The Alteromonas Digital Microbe. Each concentric ring represents one Alteromonas genome, with colored rings identifying genomes from five clades of interest (A. macleodii, A. mediterranea, A. austalica, A. stellioolaris, and A. naphthalenivorans). The outermost green rings depict annotation sources applied to all genomes. Each spoke in the figure represents one gene cluster in the pangenome, with presence/absence denoted by darker/lighter colors, respectively. Genome metadata are shown next to each ring and include total genome length, GC content, completion, number of genes per kbp, and number of gene clusters per genome. The red heatmap above the metadata shows the average nucleotide identity (ANI) percentage scores between genomes. The tree above the ANI heatmap shows the imported phylogenomic tree, with clades of interest color-referenced in the circular portion of the figure. This figure was generated using the anvi’o ‘anvi-display-pan’ from a version of the Alteromonas digital microbe without singleton genes, which is available on Zenodo under 10.5281/zenodo.10421034.

Fig. 6

Distribution of CAZYme annotations across a phylogeny of 336 isolate and MAG genomes from the genus Alteromonas.
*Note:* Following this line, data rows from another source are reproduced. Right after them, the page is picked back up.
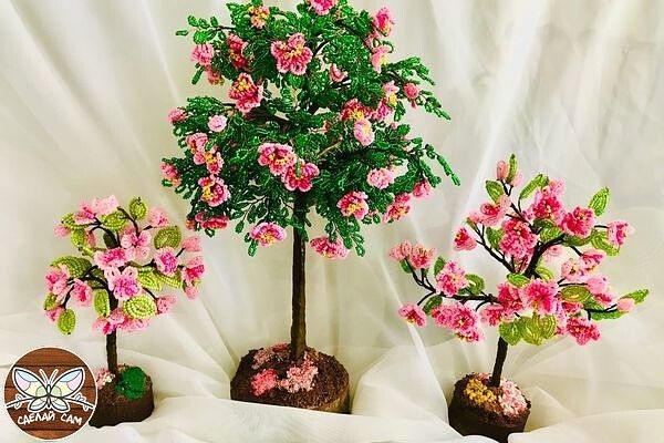 Сегодня хочу предложить сделать своими руками цветущую яблоньку из бисера. Дерево получается очень красивым и может послужить в качестве оригинального подарка. Когда будете знать основы плетения деревьев, таким способом можно будет выполнить любое
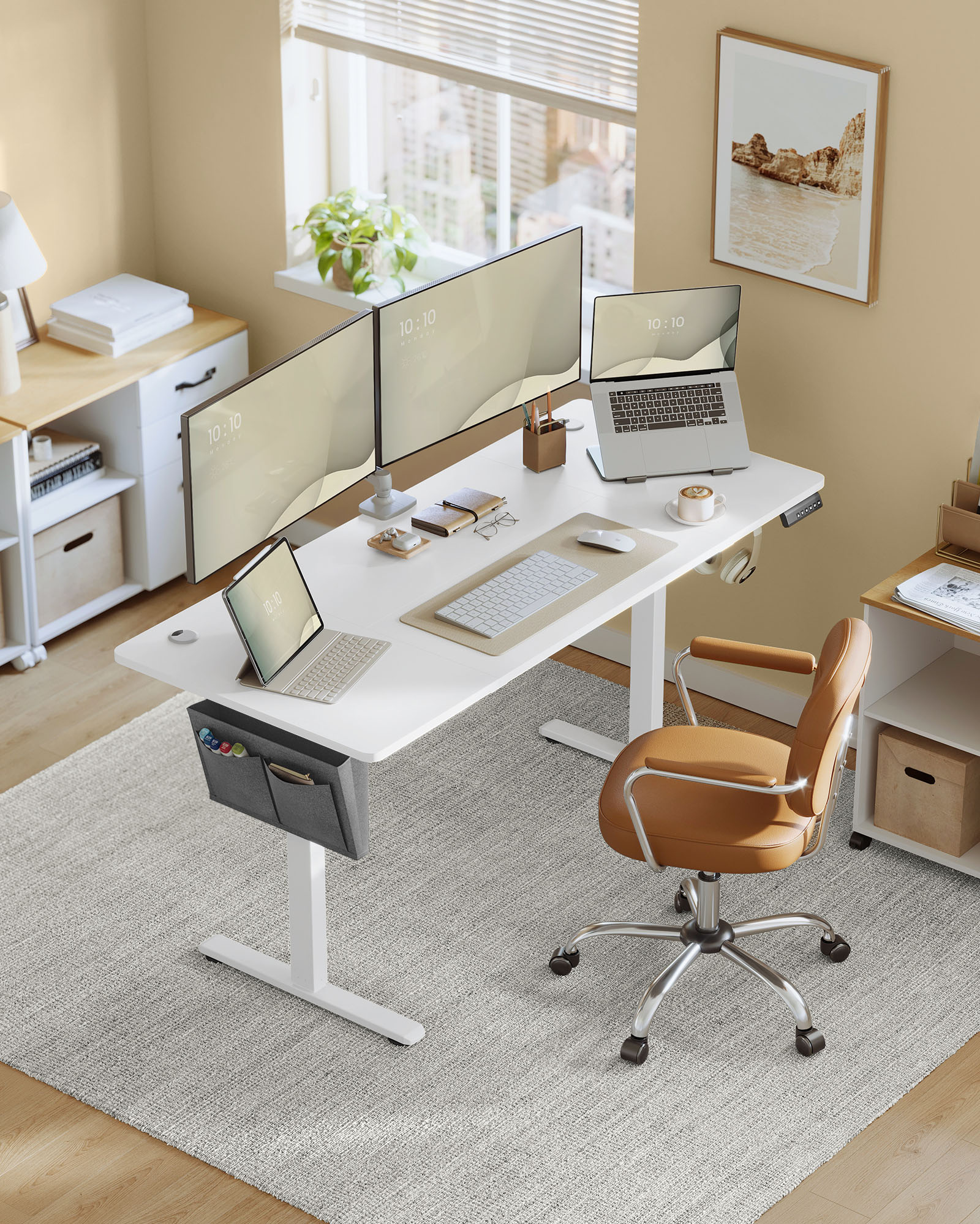 Šis stalas leidžia lengvai reguliuoti aukštį, todėl galite dirbti tiek sėdėdami, tiek stovėdami, prisitaikydami prie savo poreikių ir užtikrindami ergonomišką darbo aplinką. Tvirtas plieninis rėmas ir kokybiškos medžiagos garantuoja stabilumą ir patikimumą, o debesų baltos spalvos paviršius suteikia šiuolaikišką ir estetišką išvaizdą.
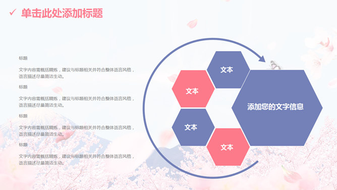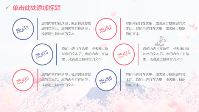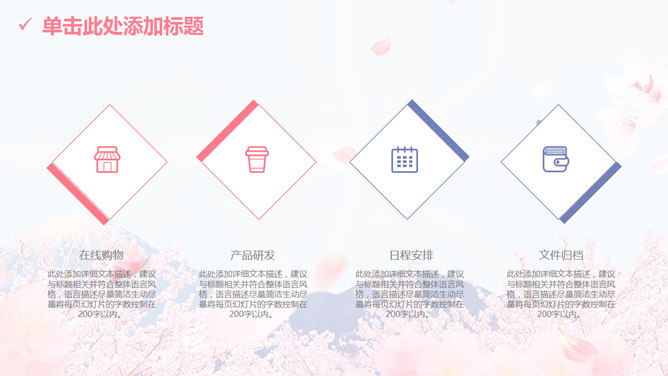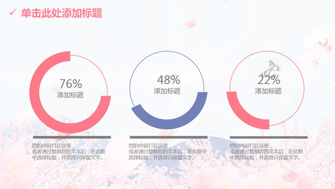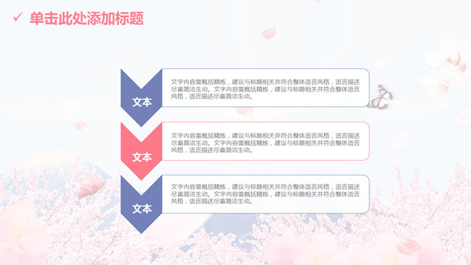 清新唯美浪漫桃花樱花PPT模板。一套多功能通用幻灯片模板,以富士山下唯美樱花为背景,清新粉蓝配色,动态播放。
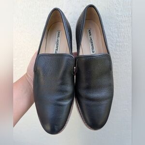 Karl Lagerfeld Paris Black Leather Loafers Flat Shoes Women's Size 8

The phylogeny of the genus is displayed on the left side of the figure, with genomes represented by points on the tree and five of the clades (A. macleodii, A. mediterranea, A. australica, A. napthalenivorans, and A. stellipolaris) highlighted. Each row on the right side of the figure represents one genome. Completeness and type of genome are shown in the two heatmaps to the right of the phylogeny. The horizontal bar plots of different colors show the proportion of CAZymes in each genome relative to the maximum number of all categories of CAZymes as indicated in the legend in the inset at the upper left. The maximum number for each CAZyme category is represented by the vertical bar plot at the top of the figure.